Step 6 – Testing between the two homeland hypotheses

The Bayesian approach we employ means that we can directly test support for the Steppe homeland hypothesis versus the Anatolian homeland hypothesis. This is because the method we use does not produce a single answer – e.g. the homeland is at x degrees longitude and y degrees latitude. That would not be all that useful, because if you want to test between competing theories, you need some estimate of uncertainty – how sure are you that the origin is at one location versus another?

There is uncertainty in the relationships between the languages (nobody can say with absolute certainty that one particular family tree is the true one – for 103 languages there are more possible trees than there are atoms in the universe!), there is uncertainty in the time scale (we can’t know for sure exactly how fast languages change), and even if we knew the family tree and time scale exactly, there is uncertainty in the geographic expansion process so we cannot pin down the location of the root exactly.

One of the major advantages of the Bayesian approach is that we do not produce a single answer, but instead account for all those uncertainties using some clever algorithms (called Markov Chain Monte Carlos methods) that sample language trees, divergences times and locations at all points on the tree, in proportion to how likely they make our observed data. In terms of the origin location, if an origin is twice as likely, and we do not prefer any location over any other a priori, then we should see it twice as often in our sample.
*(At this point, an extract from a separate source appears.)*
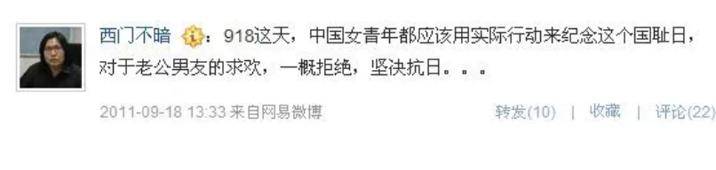 2011年,“南方系”用頭版隆重紀念美國“911事件”10週年。然而幾天後,當中國國恥日918來臨時,南都卻毫無動靜,引發網民強烈譴責。更噁心的是,南都週刊執行主編許慶亮(網名@西門不暗),竟公然調侃國恥,悍然發佈猥瑣言論:“918這天,中國女青年都應該用實際行動來紀念這個國恥日,對於老公男友的求歡,一概拒絕,堅決抗日”。

So we were able to run our analyses and directly compare how often the origin locations we inferred fell in the range proposed for the Steppe theory versus in the range proposed for the Anatolian theory. In fact, we considered two different versions of the Steppe theory, just to make sure our findings were not contingent on the exact area ascribed to the theory.

As we report in the paper, using either version of the Steppe theory, it was the Anatolian theory that came out on top. You can see this visually in our Figure 1, below. Virtually none of the points fall within the region implied by a Steppe origin. In the main table in our paper, we quantify this support using Bayes Factors, measuring the relative support for the Anatolian theory compared to either steppe theory. Our analysis finds that an Anatolian origin is orders of magnitude more likely than a Steppe origin.


Figure: Map showing the inferred geographic origin of the Indo-European language family. Our Markov chain Monte Carlo sampled locations are plotted in translucent red such that darker areas correspond to increased probability. The blue polygons delineate the proposed origin area under the Steppe hypothesis; dark blue represents the initial suggested Steppe homeland, and light blue denotes a later version of the Steppe hypothesis. The yellow polygon delineates the proposed origin under the Anatolian hypothesis. A green star in the steppe region shows the location of the centroid of the sampled languages.